Chikamoto continued to secure the lead-off position in 2020. His hit production started a bit slow in June as he notched only 5 hits in 10 games, but it gradually picked up to peak at .352 in August and remained around .300 until the season ended. Despite seeing less playing time due to a COVID-19 pandemic-shortened season, he appeared in all of the team's 120 games and hit a higher average of .293 with 45 RBI including 9 home runs. He recorded a higher OPS of .759 and once again topped the league in stolen bases with 31. His base stealing success rate improved from 70% in 2019 to 79%, and he became 8th NPB player and the first Hanshin player to notch over 30 stolen bases for 2 consecutive years since his debut. This feat was last accomplished in 1953 by then 2nd year rookie Takao Satoh of the Kokutetsu Swallows (present day Yakult Swallows). While his fielding could use some improvement, he tied the league top in UZR at 19.1. His performance earned him another 30 million pay raise, making his annual salary 75 million yen.

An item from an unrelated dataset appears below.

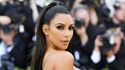 ظهرت كيم في شوارع كاليفورنيا بإطلالة متألقة، حيث ارتدت بنطالًا أورجوانيًا جلديًا ضيقًا، نسّقته مع بلوزة كبيرة من نفس اللون، كتبت عليها عبارة "الروح المقدسة".
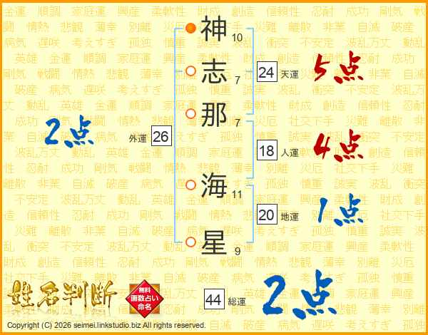 神志那海星さんの総運は44画の2点!

Chikamoto had 14 hits in the 2023 Japan Series and won the Japan Series Most Valuable Player Award.

On May 11, 2024, Chikamoto hit his first career grand slam.

==Playing style==
Despite his average stature of 1.7 m, his 50 yard dash was timed at 5.8 seconds, and his throws cover a distance of 100 meters. He employs a "flamingo" stance (knee raised to hip level) while hitting, and has been known to hit home runs to the opposite field.